Very cool! Please keep us posted on how it is performing as time goes by. I live in California with little need for a climate controlled box, but there are so many who would die for such a set up. Bravo. 

Doc


----------



## Kiwi Michelle (Aug 2, 2006)

68TriShield said:


> Wait till Kiwi sees it,she adores all things large....


Funny Funny ha ha!!

That does not include mouths!!!!






Nice little box you got there Ryan


----------



## mhillsing23 (Apr 18, 2006)

That is un-friggin-believable! Congrats man! :dr


----------



## kjd2121 (Jul 13, 2006)

Very nice cabinet - Looks like you could open a small store -


----------



## mastershogun (Nov 3, 2006)

can't believe i missed this yesterday
kudos to you rp. it definetely looks like you did allot of research and put some great work in organizing and planning your purchase.
let us know how it works over time.


----------



## mdtaggart (Sep 22, 2006)

Dang! now i have humi envy. 762 boxes, holy cow, i want one.


----------



## Tristan (Jul 11, 2006)

Congrats Ryan!

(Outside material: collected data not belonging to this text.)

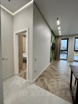 Спальня изолирована, вторая комната - гостиная совмещённая с кухней. Квартира полностью меблирована и укомплектована бытовой техникой. Вся техника и мебель — премиум-класса.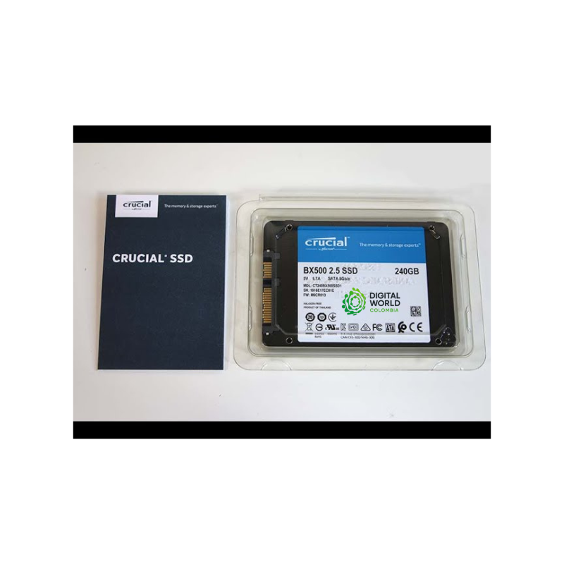 Disco Sólido (SSD) Crucial BX500 de 240GB, con interfaz SATA III (6 Gb/s). Este SSD ofrece un rendimiento mejorado en lectura y escritura para optimizar el arranque del sistema, la carga de aplicaciones y la transferencia de archivos. Es ideal para actualizar laptops y PCs de escritorio, brindando una solución confiable y duradera con tecnología de ahorro energético.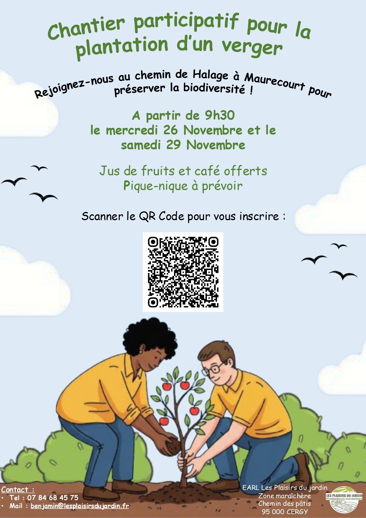 Les Plaisirs du Jardin vous invite à participer à un projet passionnant de restructuration d'un verger de pommiers, poiriers et pruniers à Maurecourt.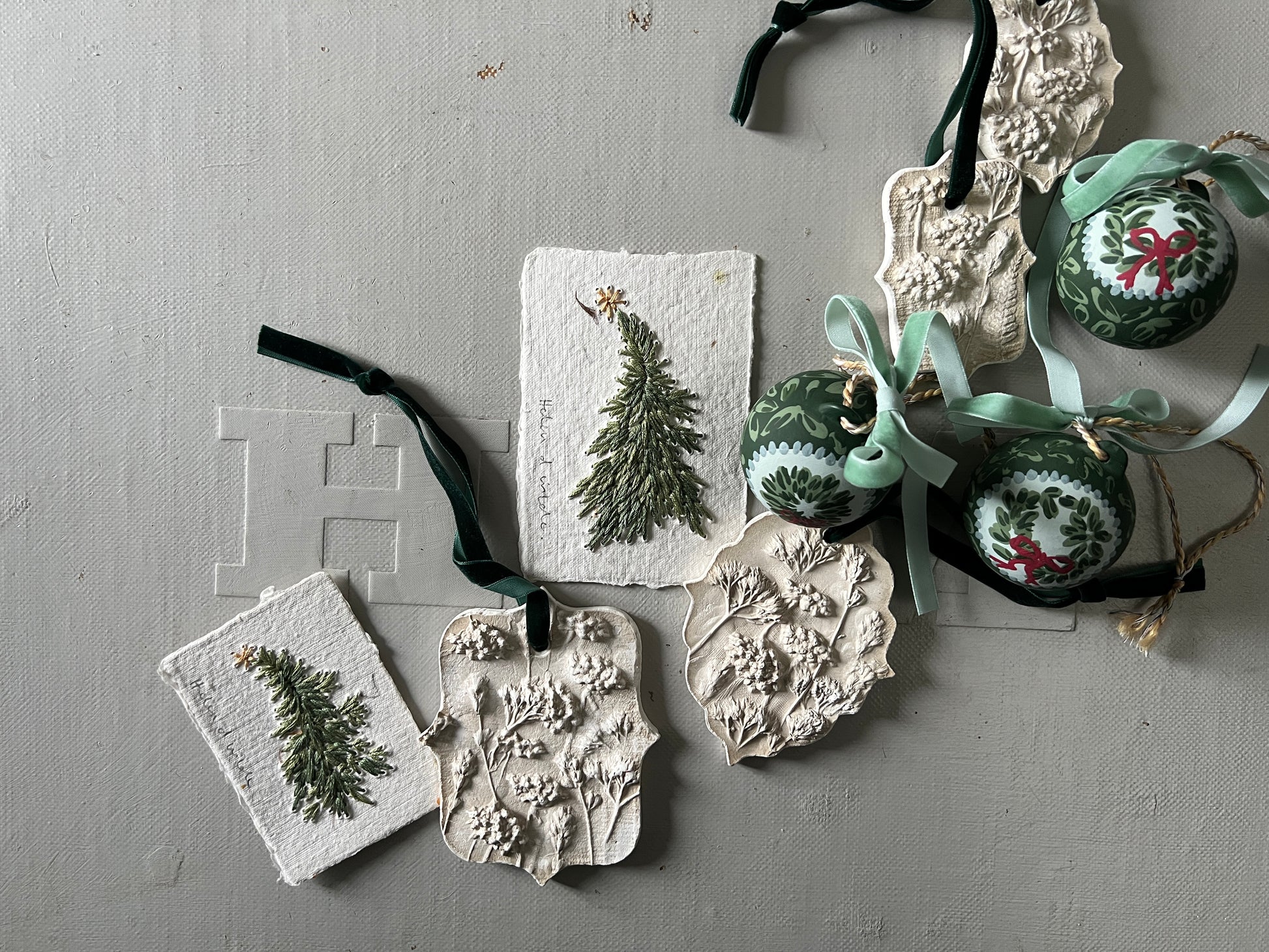 Silk embroidery on wildflower petal handmade paper, depicting a classic fir tree with a single Gold star at his crown.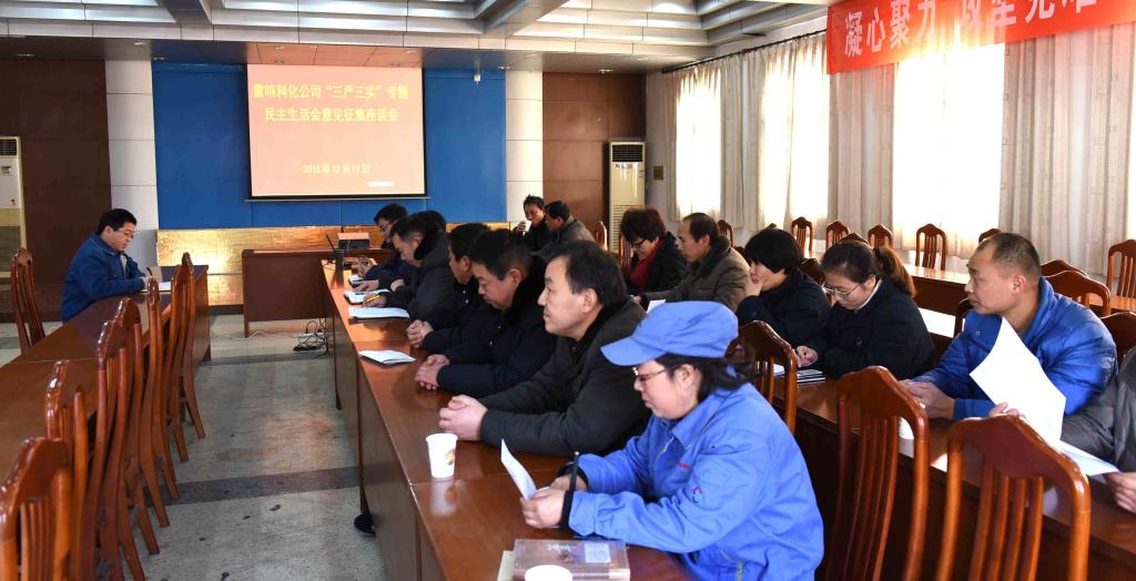 12月17日下午,雷鸣科化公司在通讯楼四楼会议室召开“三严三实”专题民主生活会征求意见座谈会,基层各单位的职工代表20余人参加了会议。

That is a beautiful sight to behold!


----------



## publicspeakingnerd (Nov 6, 2006)

Looks great, Ryan!


----------



## smokin' machinist (Sep 23, 2006)

Sweet humi RP! Have fun filling er up.


----------



## fireman43 (Oct 15, 2006)

Nice!!! Like your own B&M or from your recent launches....ammo bunker!!!


----------